● **Work to be completed**:
The copy must run from the first line of the entries below through the line containing "MOCTION 5th Anniversary", restated word for word, with pictures left out.

● **Record excerpts**:
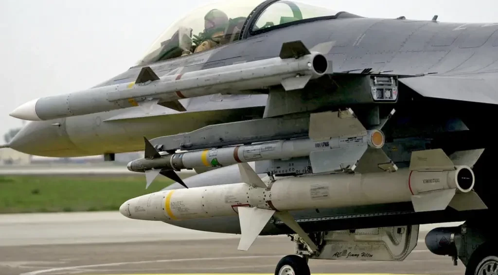 Самолёт F-16C ВВС США несёт на законцовке крыла ракету AIM-120C AMRAAM, на крайнем подкрыльевом пилоне — ракету AIM-9L/M Sidewinder, а на среднем подкрыльевом пилоне — ракету AGM-88 HARM. ВВС США
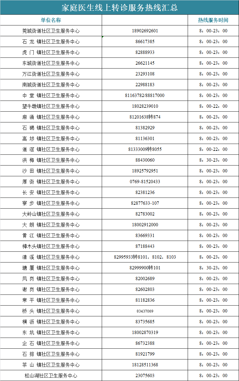 如果遇到转诊有关问题,可以致电询问有关镇区:
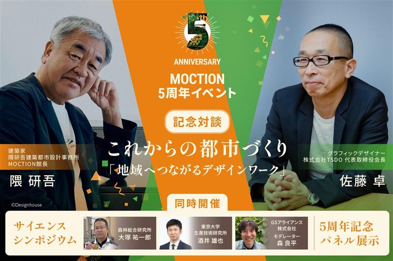 MOCTION 5th Anniversary Event Commemorative Dialogue: Kengo Kuma × Taku SatohFuture City Design: Connecting to Local Communities 2026.02.02
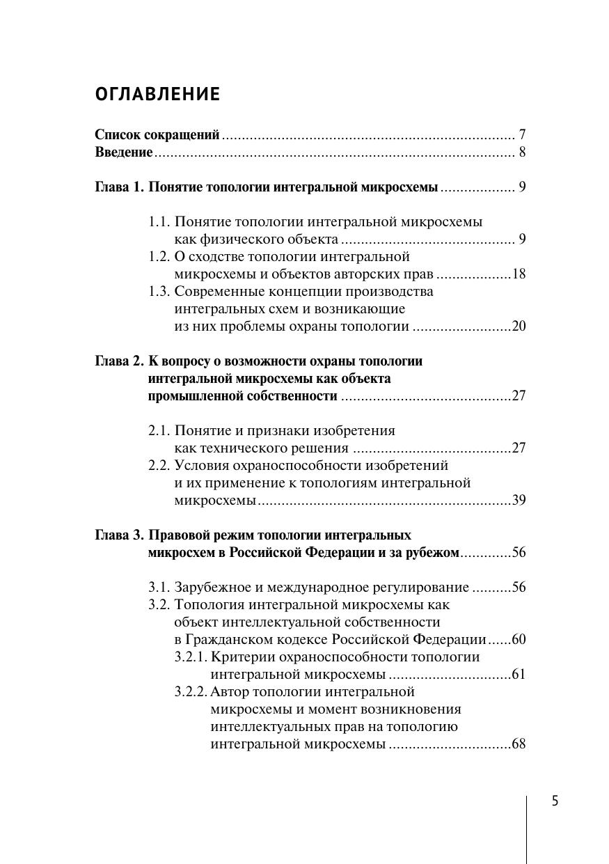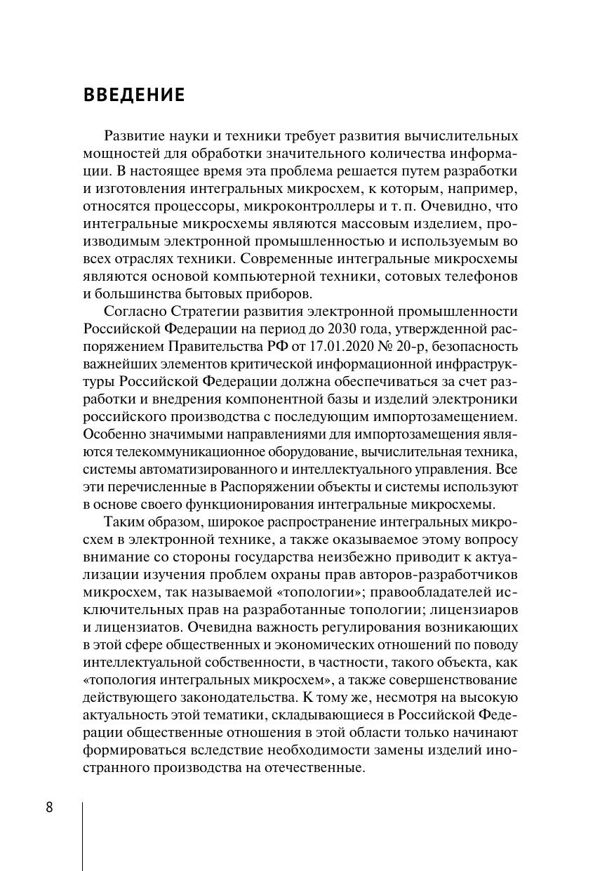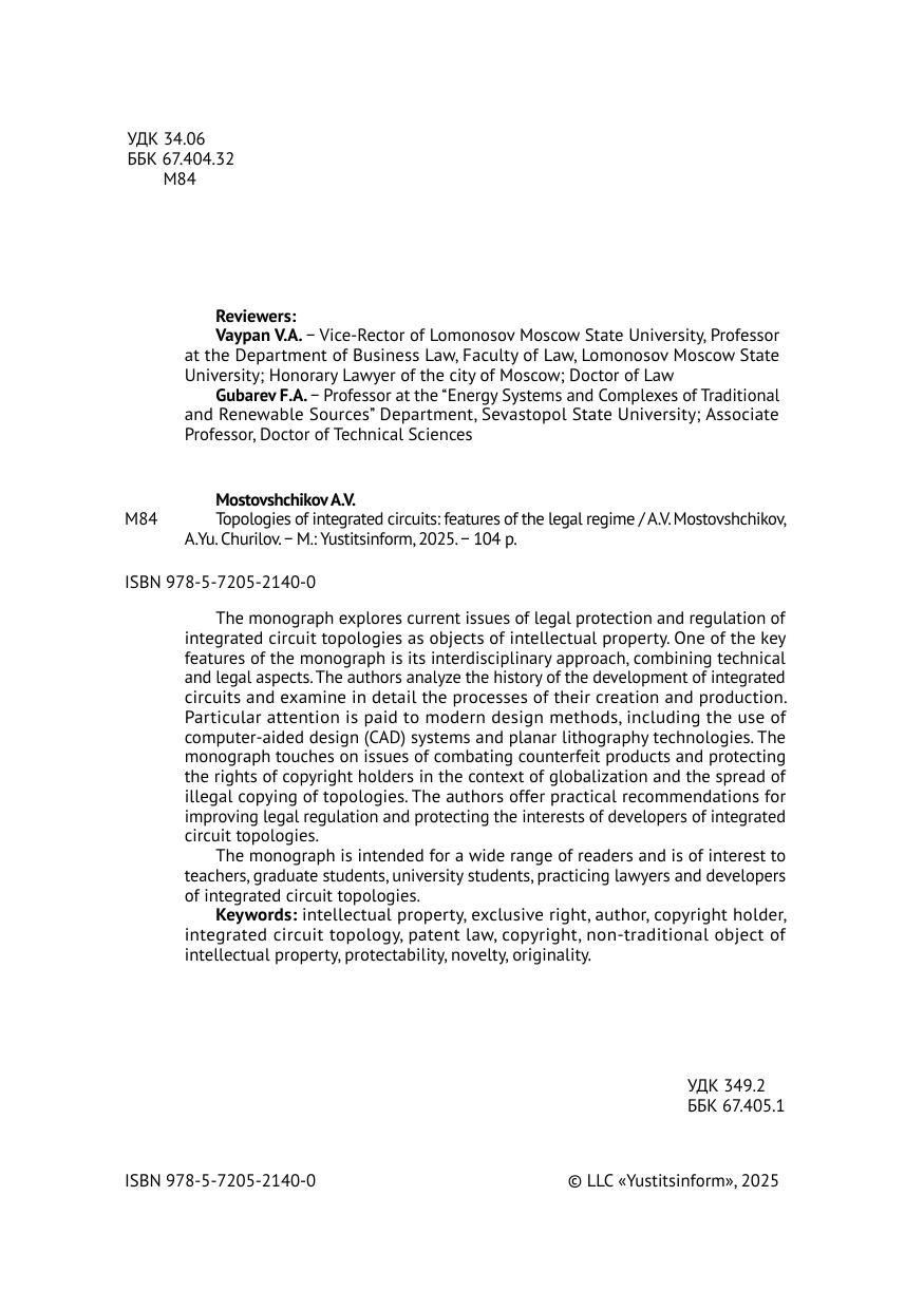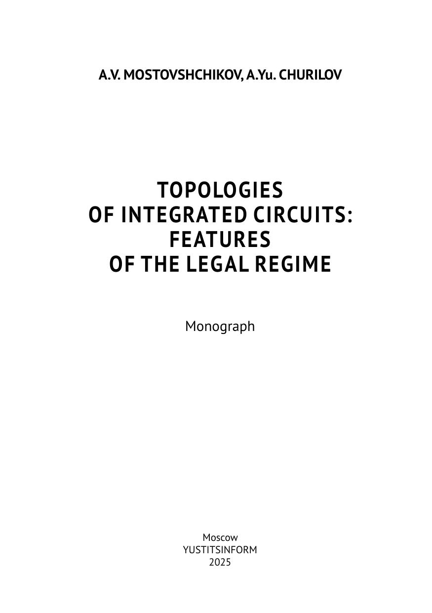 Монография исследует актуальные вопросы правовой охраны и регулирования топологий интегральных микросхем как объектов интеллектуальной собственности. Одной из ключевых особенностей монографии является междисциплинарный подход, объединяющий технические и правовые аспекты. Авторы анализируют историю развития интегральных микросхем и подробно рассматривают процессы их создания и производства. Особое внимание уделяется современным методам проектирования, включая использование систем автоматизированного проектирования (САПР) и технологий планарной литографии. Монография затрагивает вопросы противодействия контрафактной продукции и защиты прав правообладателей в условиях глобализации и распространения незаконного копирования топологий. Авторы предлагают практические рекомендации по улучшению правового регулирования и защите интересов разработчиков топологий интегральных микросхем. Монография рассчитана на широкий круг читателей и представляет интерес для преподавателей, аспирантов, студентов вузов, практикующих юристов и разработчиков топологий интегральных микросхем.
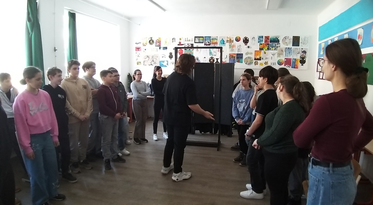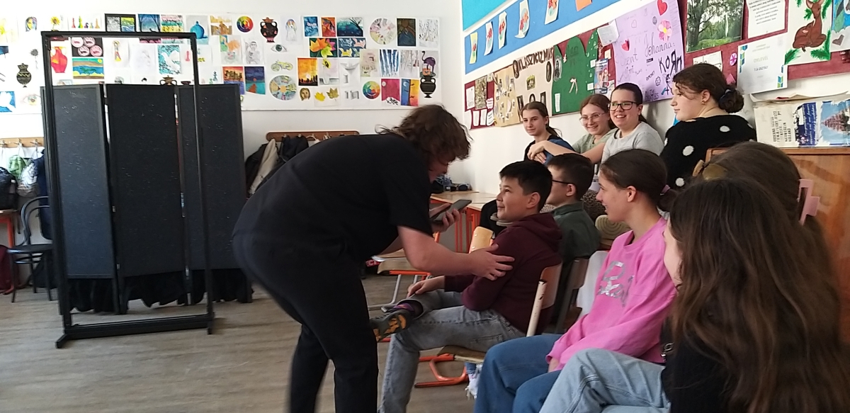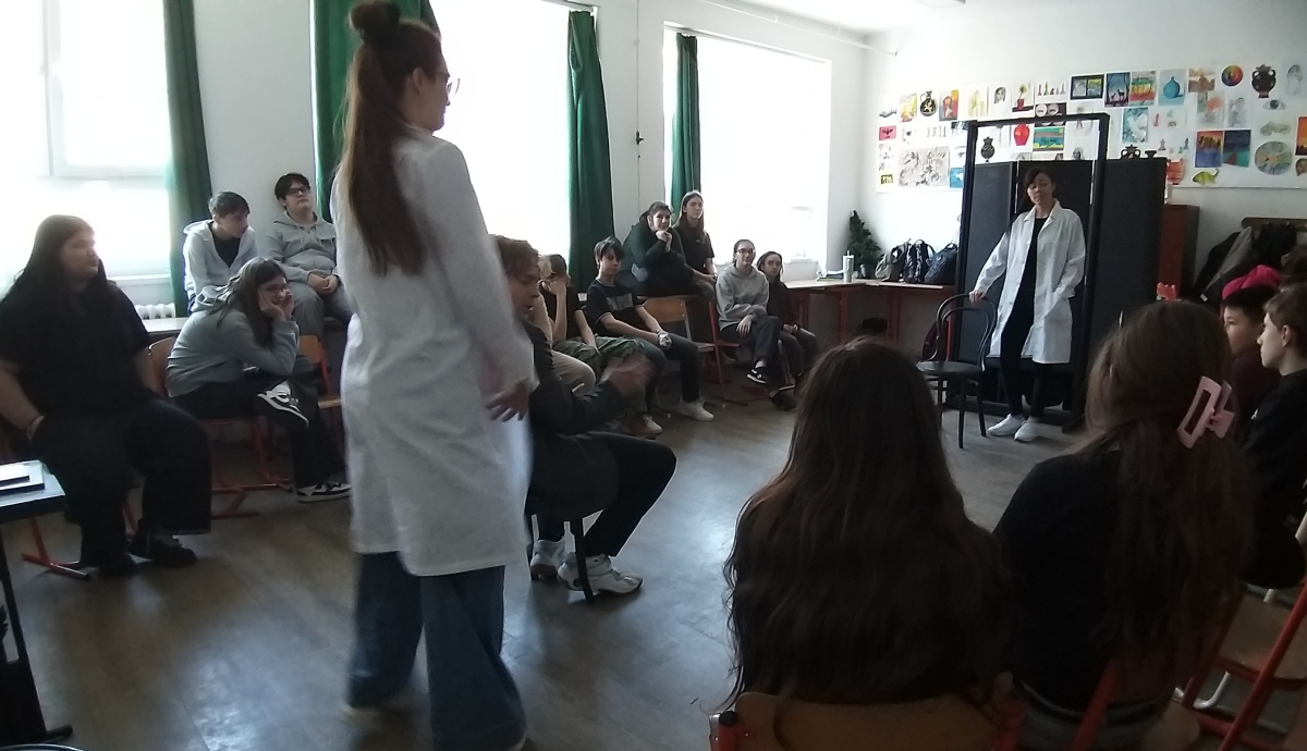 A diákok rövid, színházi jeleneteken keresztül találkozhattak olyan élethelyzetekkel, amelyekben a képernyők és a virtuális világ fontos szerepet játszanak. A történetek rávilágítottak arra, hogy a digitális eszközök egyszerre segítik és nehezítik mindennapjainkat. Megkönnyítik a tanulást és a kapcsolattartást, ugyanakkor előfordulhat, hogy elvonják figyelmünket a valódi jelenléttől, a személyes találkozásoktól és a körülöttünk lévő világtól.

● **Response**:
 Самолёт F-16C ВВС США несёт на законцовке крыла ракету AIM-120C AMRAAM, на крайнем подкрыльевом пилоне — ракету AIM-9L/M Sidewinder, а на среднем подкрыльевом пилоне — ракету AGM-88 HARM. ВВС США
 如果遇到转诊有关问题,可以致电询问有关镇区:
 MOCTION 5th Anniversary Event Commemorative Dialogue: Kengo Kuma × Taku SatohFuture City Design: Connecting to Local Communities 2026.02.02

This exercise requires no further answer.